## Data section
Content starts

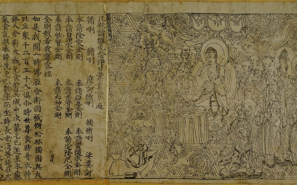 Il più antico libro stampato vero e proprio di cui si abbia notizia è una traduzione cinese del Sutra del Diamante , un’opera buddhista; è un rotolo di sei fogli di carta lungo più di cinque metri. La data di realizzazione è (secondo il nostro calendario) l’848 d.C.
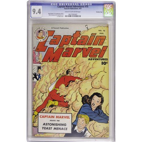 <B>Captain Marvel Adventures #75 Crowley Copy pedigree (Fawcett, 1947) CGC NM 9.4 Cream to off-white pages.</B></I> C. C. Beck cover. Pete Costanza art. Overstreet 2006 NM- 9.2 value = $325. CGC census 10/06: 1 in 9.4, none higher.<BR><BR><b>Shipping:</b> Slabbed Comic (<a target="_blank" href="http://www.heritageauctions.com/common/shipping.php">view shipping information</a>)
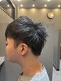 サイドを2ブロック、バックはナチュラルにつなげた刈り上げでスッキリ爽やかな印象を与えることができます*

Content ends

## Exercise prompt
Reproduce the listing in full and exactly, excluding any pictures it holds.

## Your solution
 Il più antico libro stampato vero e proprio di cui si abbia notizia è una traduzione cinese del Sutra del Diamante , un’opera buddhista; è un rotolo di sei fogli di carta lungo più di cinque metri. La data di realizzazione è (secondo il nostro calendario) l’848 d.C.
 <B>Captain Marvel Adventures #75 Crowley Copy pedigree (Fawcett, 1947) CGC NM 9.4 Cream to off-white pages.</B></I> C. C. Beck cover. Pete Costanza art. Overstreet 2006 NM- 9.2 value = $325. CGC census 10/06: 1 in 9.4, none higher.<BR><BR><b>Shipping:</b> Slabbed Comic (<a target="_blank" href="http://www.heritageauctions.com/common/shipping.php">view shipping information</a>)
 サイドを2ブロック、バックはナチュラルにつなげた刈り上げでスッキリ爽やかな印象を与えることができます*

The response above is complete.